- Born: Tommi Taneli Nakari 1967 (age 58–59) Mikkeli, Finland
- Convictions: Manslaughter Murder x2
- Criminal penalty: 12.4 years, commuted to 8 years (first murder) 10.8 years (second murder) 14.5 years (third murder)

Details
- Victims: 3
- Span of crimes: 1992–2008
- Country: Finland
- State: South Savo
- Date apprehended: For the final time in March 2009

= Tommi Nakari =

Convicted Finnish serial killer

Tommi Taneli Nakari (born 1967) is a Finnish serial killer who killed two common-law wives and his mother between 1992 and 2008. For the final crime, he was convicted of manslaughter and sentenced to 14.5 years imprisonment, despite his claims that he could not remember committing any of the murders.

== Murders ==
=== First murder ===
On 17 August 1992, Tommi and his common-law wife decided to go on a trip to Helsinki, since they had recently retrieved their unemployment benefits. Instead, they ended up in Pieksämäki, where they spent the night drinking alcohol with friends in various drinking establishments. When the bars closed down, the couple started their journey back home to Mikkeli, since none of their friends were at home.

At the train station, they came across an ex-convict who was also en route to Mikkeli. For an undisclosed reason, Nakari and his wife began arguing, resulting in the former walking away without his wife and sleeping the night off in a nearby grill bar. On the following morning, in an attempt to cure his hangover, Nakari began to drink large amounts of beer, which was combined with a bottle of Lorazepam. He managed to stumble back to his house, as he was worried about his wife. He found her there, with his wife explaining that she had been released from custody on the night before.

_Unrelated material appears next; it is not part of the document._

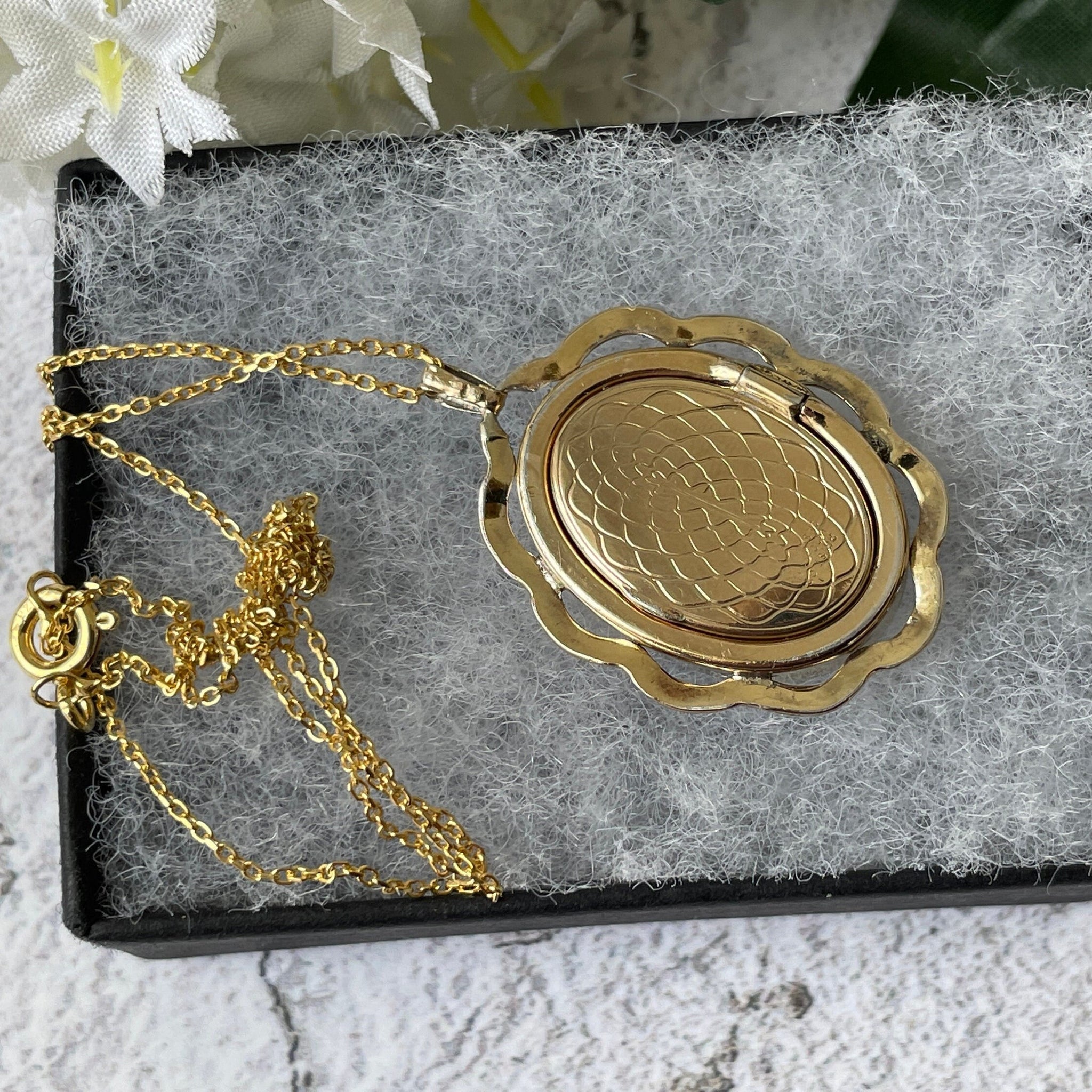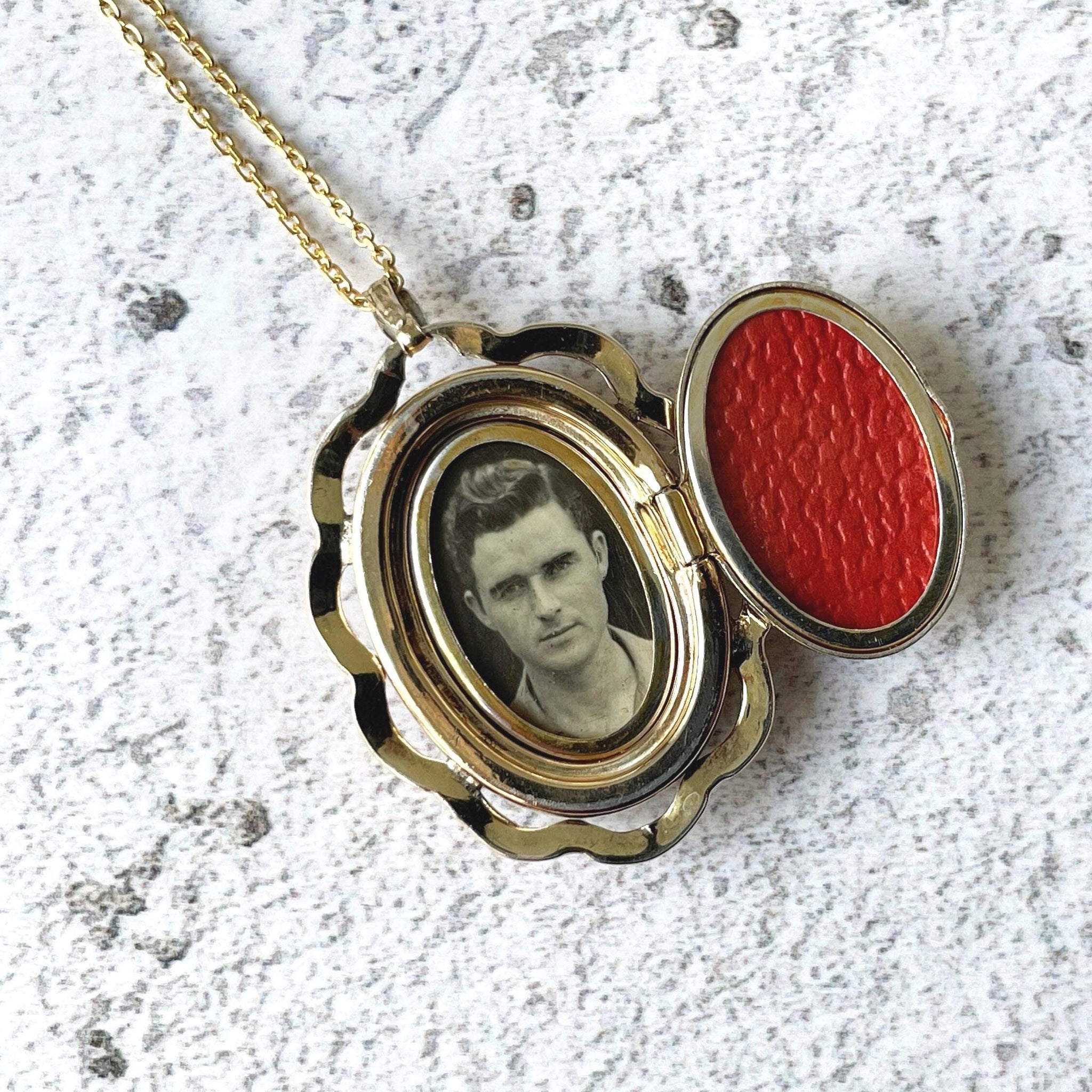 The locket features a pretty open-work scalloped border around the edge and a fan-shaped bale at the top. The reverse is engraved in a decorative machine turned pattern. The back of the locket opens to reveal a photo of a handsome young man on one side and an empty station at the other. These can be replaced with your own photos if desired, both of the original picture rings and hard plastic photo covers are still present.

Nakari did not believe her explanation, and began chewing down on various medical pills he had lying in his home. His wife began scolding him for it, and in the heat of the moment, Nakari picked up a long-bladed knife and stabbed his wife ten times with brutal force, so much so that the knife pierced through her body to the other side. As a finishing blow, he also cut her throat. He then covered the body up with cloths and towels, before falling asleep.

After a few days passed, Nakari regained consciousness, unable to remember what had happened. He entered the bedroom, only to find that the walls were splattered in blood and his wife's body sprawled on the floor. Realizing that he had killed her, Nakari attempted suicide by slicing his wrists, but the bleeding stopped, prompting him to wash it off in the bathtub. He then attempted to hang himself in the wardrobe, but again failed.

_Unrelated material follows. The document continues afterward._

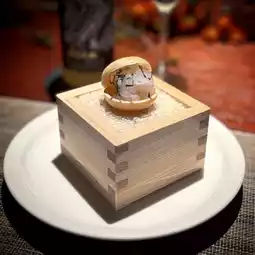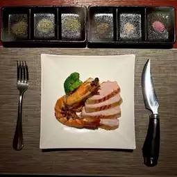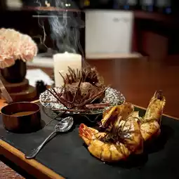 The pork meat is cooked to a super pink and tender texture, with a crispy outer layer and a soft, juicy and rich meat flavor on the inside. It can be paired with six colors of sea salt to bring out the multiple flavors. The chewy prawns with a strong charcoal aroma perfectly showcase the charm of the main dish.
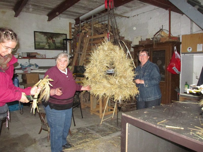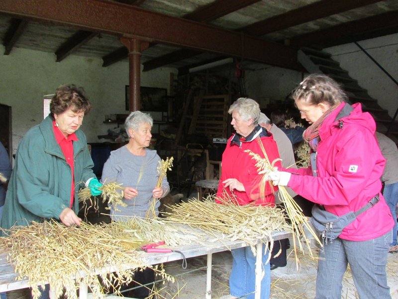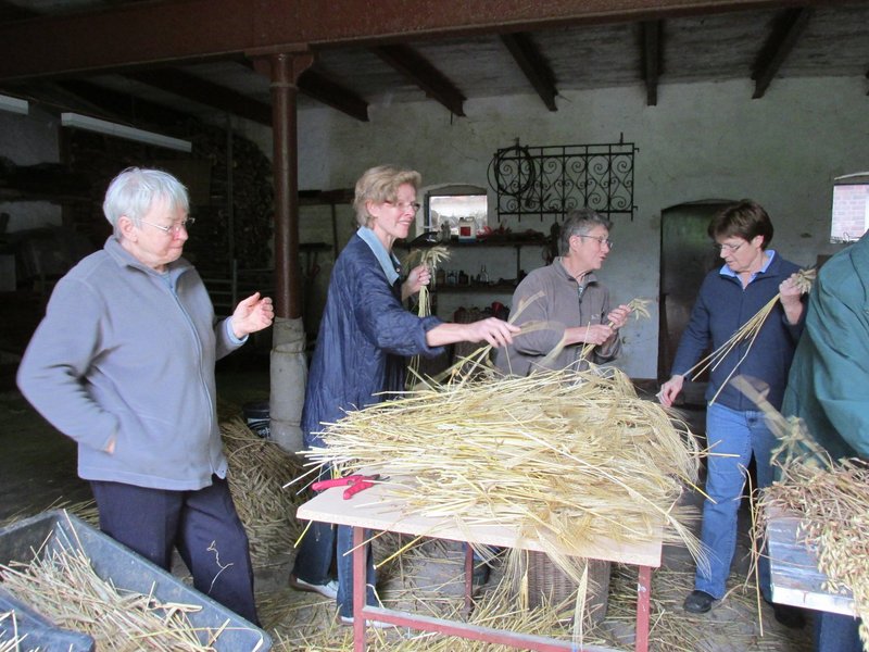 Am 23. September trafen sich die Frauen vom Frauenkreis der evangelischen Kirchengemeinde unter Leitung von Rita Geermann und einige Konfirmandinnen sowie Pastorin Petra Wesemann und ihre jüngste Tochter in der Scheune von Marlene Hansen, um eine neue Erntekrone für die Marienkirche zu binden. Aus Hafer, Weizen-, Roggen- und Gerstenähren banden die fleißigen Helferinnen kleine Sträußchen. Diese wurden an Karin Ahlers und Irma Helms weitergereicht, welches die einzelnen Sträußchen mit Draht um das Metallgestell der Erntekrone festbanden. Bei der Arbeit gab es einen regen Austausch zwischen Alt und Jung. Welcher Halm zu welcher Getreidesorte gehört, wurde von erfahrenen Landwirtsfrauen erklärt. Und Karin Ahlers erzählte stolz: „Dies ist schon das 2. Mal, dass ich eine Erntekrone binde, und das, obwohl ich doch eigentlich aus der Stadt bin.“ Die alte Erntekrone war erst 6 Jahre alt. Aber im letzten Jahr wurde festgestellt, dass sich der Kornkäfer über das Getreide hergemacht hatte. Darum beschloss der Frauenkreis, in diesem Jahr gemeinsam eine neue Krone zu binden. Die meiste Erfahrung damit hatte Irma Helms. „Meine erste Erntekrone habe ich mit 16 Jahren gebunden,“ erzählt sie, „damals war ich in der Landjugend.“ Und eigentlich ist es für die inzwischen 77 jährige Irma Helms auch ein Jubiläum, denn diese Krone ist die 10. Erntekrone, die sie bindet.

Nakari then left the city, spending the rest of the week binging on alcohol and drugs, keeping the homicide a secret. He was eventually detained by police and brought back to his apartment, where authorities found the decomposing body of his wife. Nakari was then brought to the Health Care Legal Security Center, where he was diagnosed with a personality disorder. Taking this diagnosis into account, the court commuted his initial sentence of 12.4 years to 8 years.

=== Second murder ===
In the autumn of 1998, Nakari was released from prison and returned to his mother's home. Several months later, the two got into an argument over cleaning, and in a drunken rage, Nakari began punching his mother, knocking her to the ground. He then grabbed a kitchen knife and scissors, with which he stabbed his mother in the neck and face 19 times. Like with the previous murder, he dragged the body to the washroom, where he covered it up with cloths and towels.

When he was arrested, Nakari again claimed that he did not remember anything. In response to this murder, the Mikkeli District Court was sentenced to 10.8 years in prison.

=== Third murder ===
After his release in June 2006, Nakari again returned to Mikkeli, where he later met 26-year-old Anna-Emilia Simniceanu from Jyväskylä. Despite warnings from her family and friends about her new boyfriend's past, Simniceanu continued to go out with him, and the couple even planned a holiday trip to India in the winter of 2008.

On 10 January 2008, the couple rented a summer cottage in Mikkeli, where they planned to visit Nakari's relatives. However, on the way, the two got into an argument, with Nakari pulling out a knife and grazing Simniceanu on the arm while driving. When they reached the cottage, he renewed his attack, managing to incapacitate Simniceanu. After she fell to the ground, he strangled her and then left the body lying in the yard.

After she failed to get back to her parents, they alerted the police in Jyväskylä, who in turn requested assistance from the Mikkeli police. On 15 January, Simniceanu's body was found in the cottage's yard, but Nakari was nowhere to be seen. An arrest warrant was issued for him, with him remaining on the run until March, when he was arrested by police in Kuopio without incident. He was brought to trial, and in 2009, he was sentenced to 14.5 years imprisonment, in addition to paying 16,000 euros in reparations to the family. The sentence was automatically appealed, but later upheld by the Eastern Finland Court.